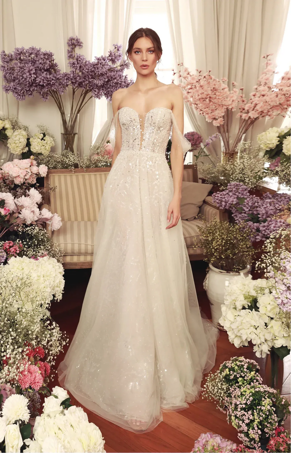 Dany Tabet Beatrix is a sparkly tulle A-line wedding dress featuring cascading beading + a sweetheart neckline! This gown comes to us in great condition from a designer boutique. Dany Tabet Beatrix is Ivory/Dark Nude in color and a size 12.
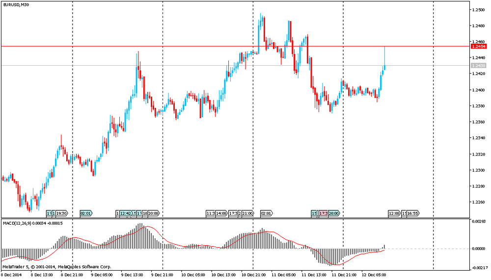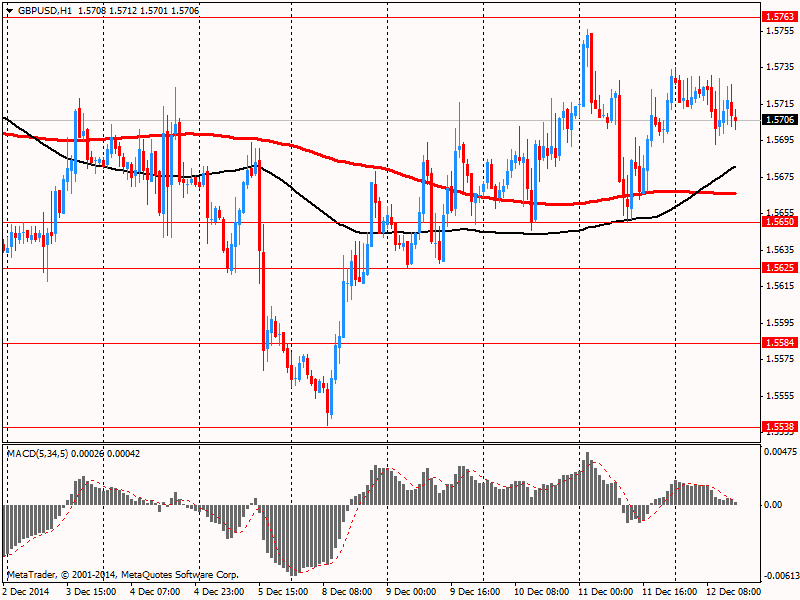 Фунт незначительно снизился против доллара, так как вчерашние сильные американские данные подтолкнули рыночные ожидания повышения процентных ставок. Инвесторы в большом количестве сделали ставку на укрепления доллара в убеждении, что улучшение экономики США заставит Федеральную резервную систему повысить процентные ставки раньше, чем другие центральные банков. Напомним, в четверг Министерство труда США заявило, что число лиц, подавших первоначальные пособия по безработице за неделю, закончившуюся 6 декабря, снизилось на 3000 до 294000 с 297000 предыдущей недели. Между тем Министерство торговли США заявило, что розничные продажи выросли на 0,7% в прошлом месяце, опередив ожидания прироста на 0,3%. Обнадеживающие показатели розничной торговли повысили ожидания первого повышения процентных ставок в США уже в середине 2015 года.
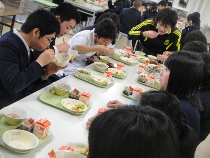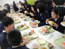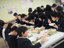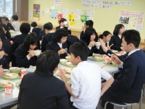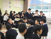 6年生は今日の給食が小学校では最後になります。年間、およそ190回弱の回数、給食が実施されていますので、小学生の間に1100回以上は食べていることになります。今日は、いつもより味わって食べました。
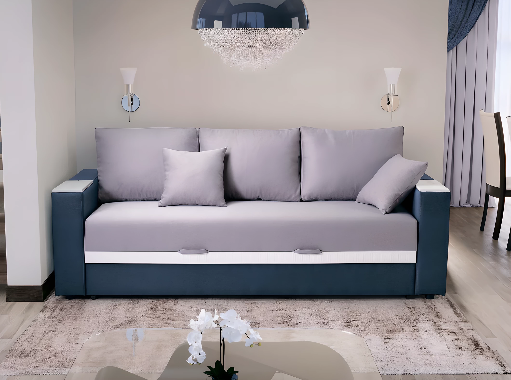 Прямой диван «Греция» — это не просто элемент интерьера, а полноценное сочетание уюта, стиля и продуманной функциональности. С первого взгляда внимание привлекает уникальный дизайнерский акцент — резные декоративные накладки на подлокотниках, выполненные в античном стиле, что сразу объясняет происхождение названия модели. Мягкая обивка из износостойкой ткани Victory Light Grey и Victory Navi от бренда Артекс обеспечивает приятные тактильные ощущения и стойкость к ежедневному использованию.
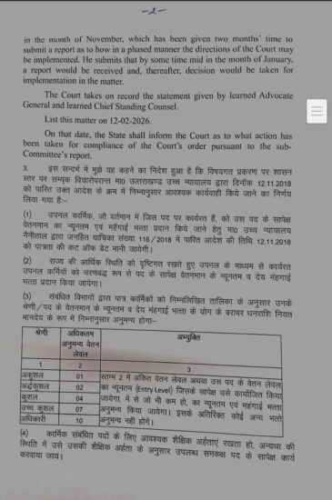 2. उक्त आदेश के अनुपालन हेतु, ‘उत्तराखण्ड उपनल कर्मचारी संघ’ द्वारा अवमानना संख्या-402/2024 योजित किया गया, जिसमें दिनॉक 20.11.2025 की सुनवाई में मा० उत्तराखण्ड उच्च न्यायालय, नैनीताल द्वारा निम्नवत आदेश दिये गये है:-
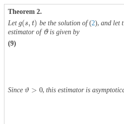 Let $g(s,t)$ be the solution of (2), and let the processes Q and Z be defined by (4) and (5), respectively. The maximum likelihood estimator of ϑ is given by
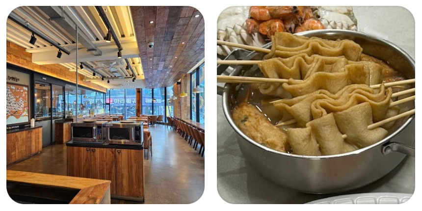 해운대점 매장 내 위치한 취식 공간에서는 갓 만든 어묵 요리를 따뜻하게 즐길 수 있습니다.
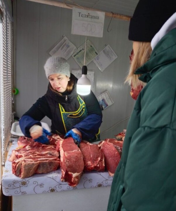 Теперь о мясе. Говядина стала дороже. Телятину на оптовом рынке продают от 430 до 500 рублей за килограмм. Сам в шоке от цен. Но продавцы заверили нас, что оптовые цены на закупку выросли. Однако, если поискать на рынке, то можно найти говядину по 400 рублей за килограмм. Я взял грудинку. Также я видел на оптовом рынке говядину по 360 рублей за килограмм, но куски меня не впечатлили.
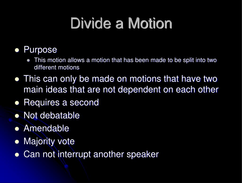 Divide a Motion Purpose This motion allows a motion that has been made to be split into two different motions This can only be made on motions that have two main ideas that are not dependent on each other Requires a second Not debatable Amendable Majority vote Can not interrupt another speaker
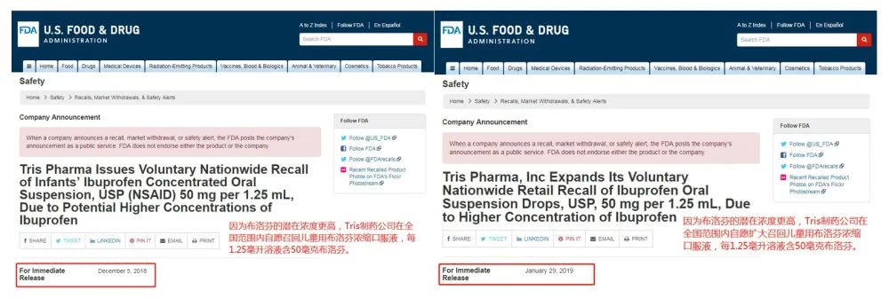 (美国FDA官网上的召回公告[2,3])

.....

* [Work order]:
Taking the entries above, copy word for word the lines from the one with "2. उक्त आदेश" up to and including the one with "해운대점 매장 내 위치한", without any picture.

* [Written answer]:
 2. उक्त आदेश के अनुपालन हेतु, ‘उत्तराखण्ड उपनल कर्मचारी संघ’ द्वारा अवमानना संख्या-402/2024 योजित किया गया, जिसमें दिनॉक 20.11.2025 की सुनवाई में मा० उत्तराखण्ड उच्च न्यायालय, नैनीताल द्वारा निम्नवत आदेश दिये गये है:-
 Let $g(s,t)$ be the solution of (2), and let the processes Q and Z be defined by (4) and (5), respectively. The maximum likelihood estimator of ϑ is given by
 해운대점 매장 내 위치한 취식 공간에서는 갓 만든 어묵 요리를 따뜻하게 즐길 수 있습니다.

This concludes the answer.